幼児虐待に思う

 最近多くマスコミで取り上げられる幼児の虐待だが、不思議なことがある。それは、子供が乳児でなく、3歳を超えているのも珍しくない事だ。
 なぜそんなに不思議かというと。
 自ら子供を育ててみて判明したのだが、産まれた子どもを曲がりなりにも2歳や3歳まで育てるのには、異常な程の手間隙がかかる。つまり、虐待するような手を抜いた育て方では、無力な人間の乳児は絶対に生後の1年間を生き残れない。
 (どれくらい手間かというと、古今東西、ある程度以上富裕な層が、他人に自分の子供を育てさせる文化はどこにでもある程だ。感情論や価値観を超えて、それぐらい間尺に合わない面倒くさい行為だということだ。)

 ということは、「血も涙もない」様に報道される犯人(主に母親)にも、虐待に至るまでに、寝るものも寝ずわが子を世話した期間があったということになる。これは大事な事だ。

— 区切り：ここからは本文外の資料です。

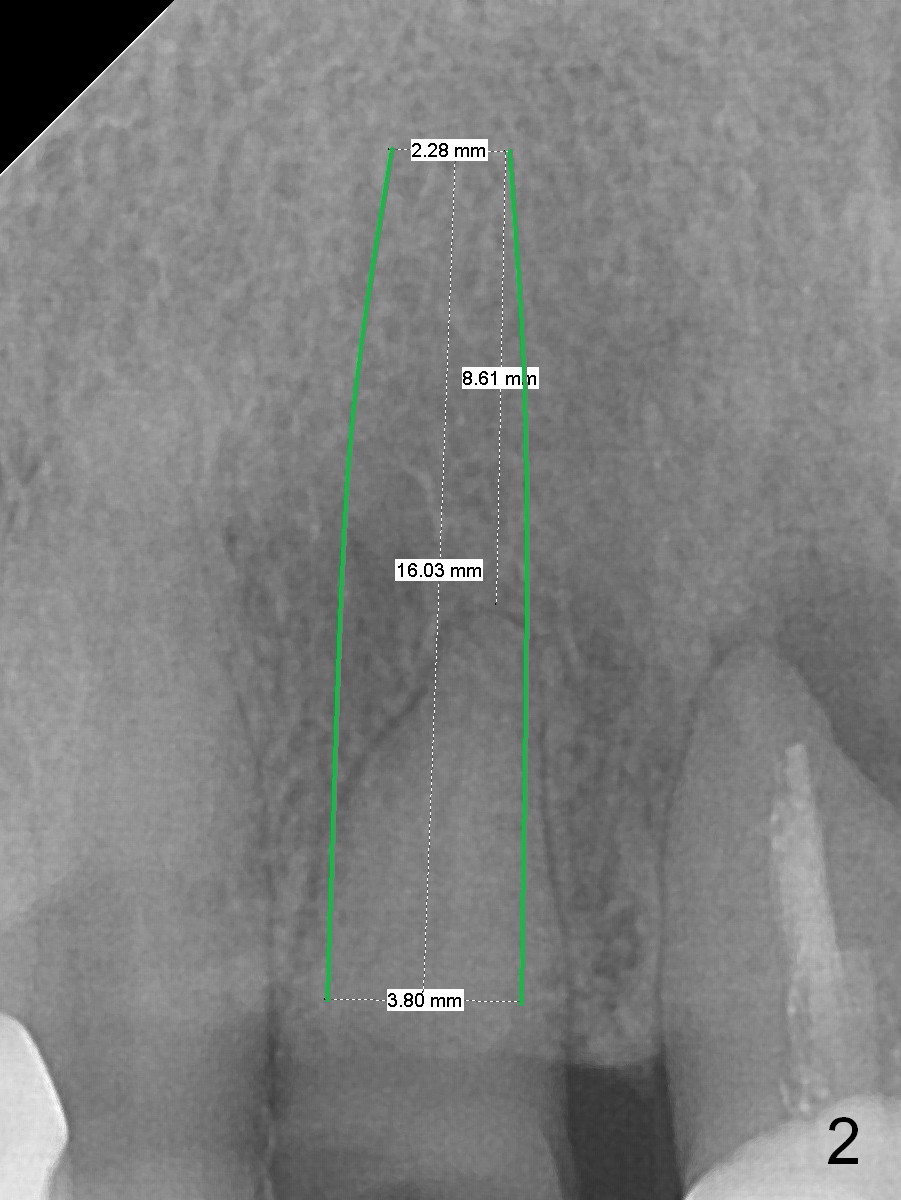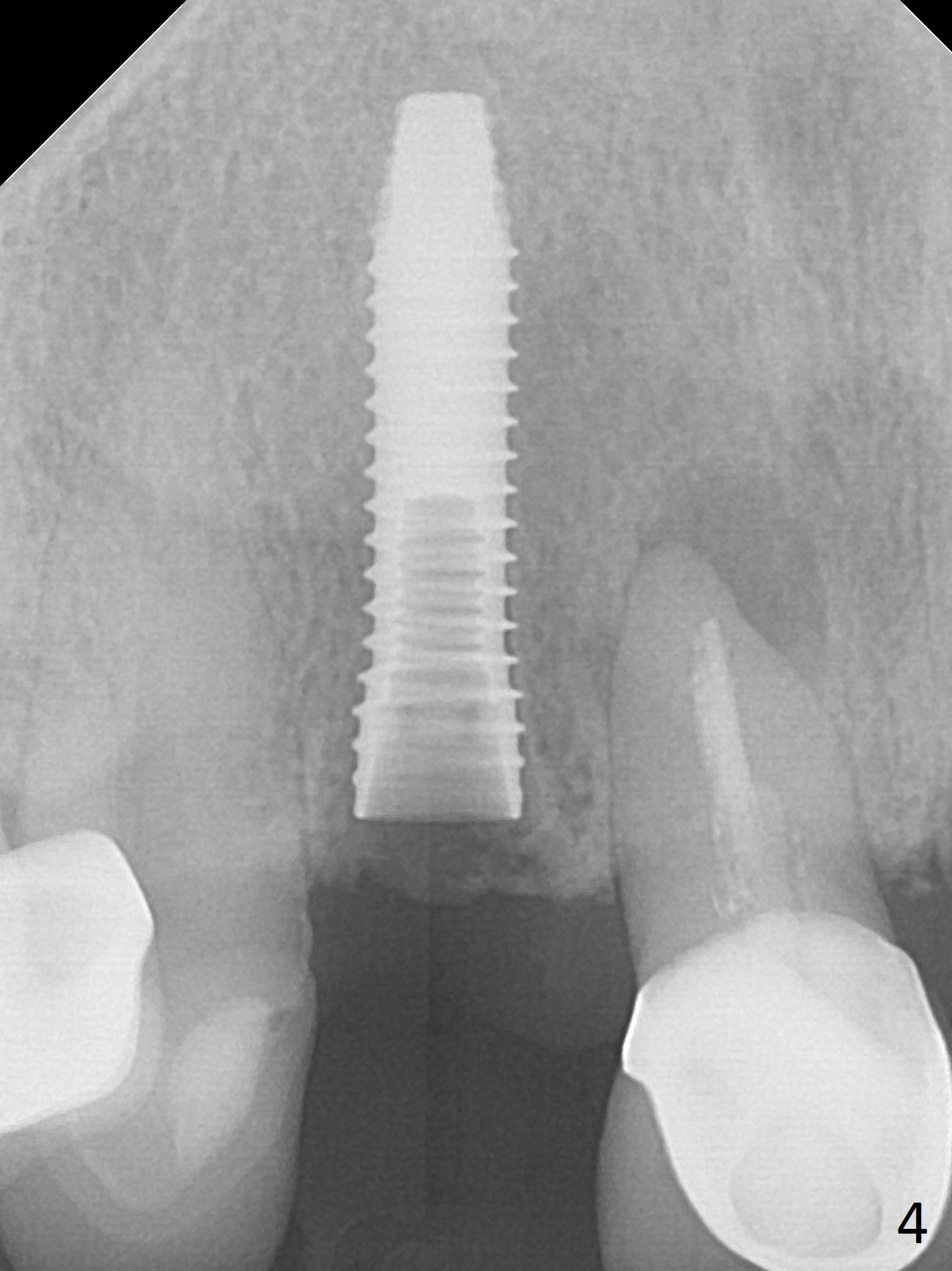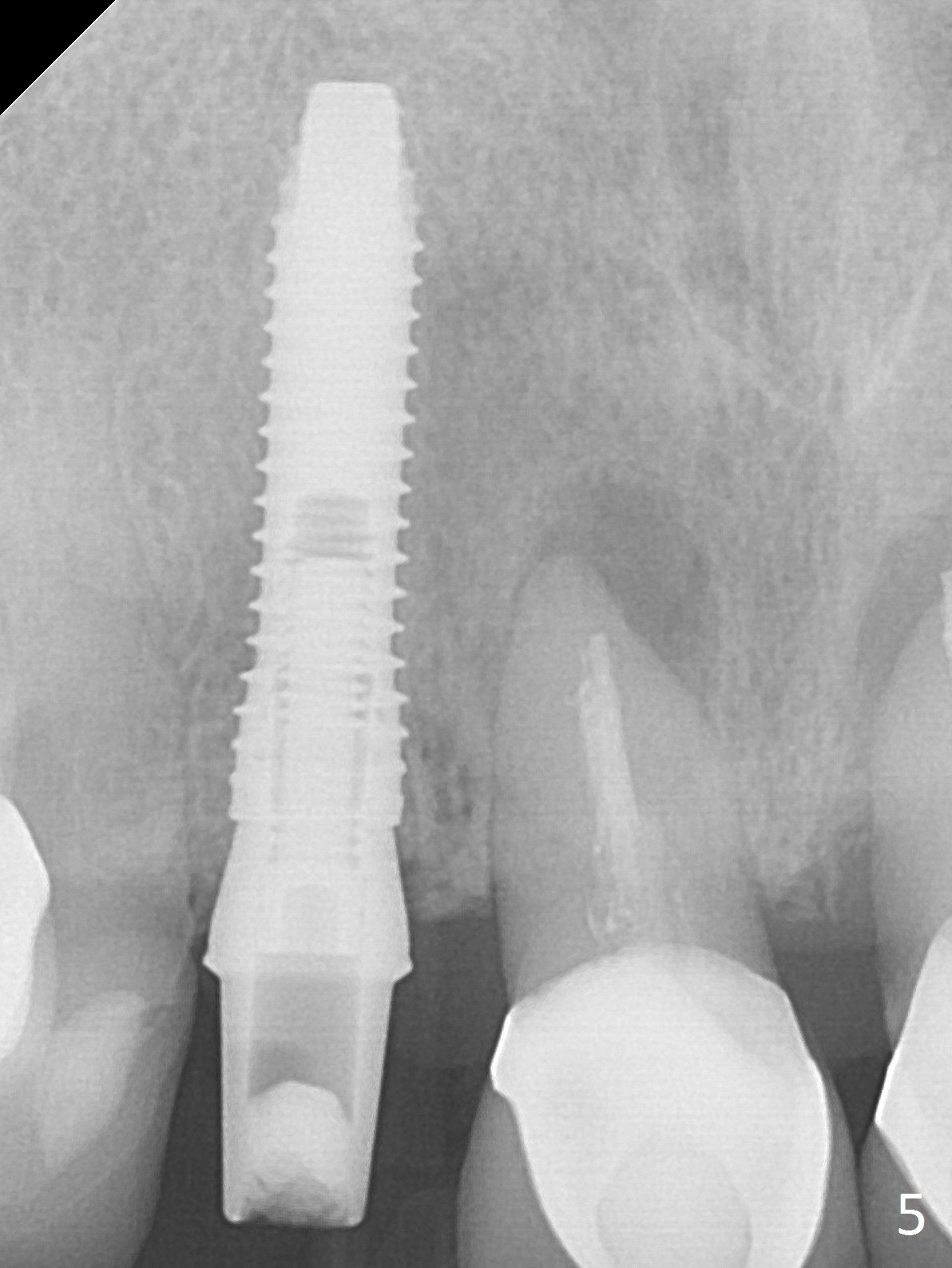 In fact the residual root (Fig.3) is easy to remove. A 3.8x16 mm implant is placed (Fig.4 (with 2 mm buccal gap)) at the level as planned (Fig.2). Insertion torque is acceptable. After placing a 4.5x5(3) mm gold-coated abutment and allograft (Fig.5), an immediate provisional is fabricated (the existing crown is lost). The patient is pleased with the quick, painless procedure.

 そういう人物がわが子に手をかけるまでに至ったプロセスや理由を分析することが必要であり、「こんな酷い人がいるなんて信じられませんね(私達とは違う人種なんですね)」で終わらせるのは誠に思考停止というものだろう。
 まぁ、「生まれながらの鬼畜人間の所業」としてしまえば安心感は得られるだろうし、マスコミもそういう切り口で報道するのが無難なのかもしれないけれども。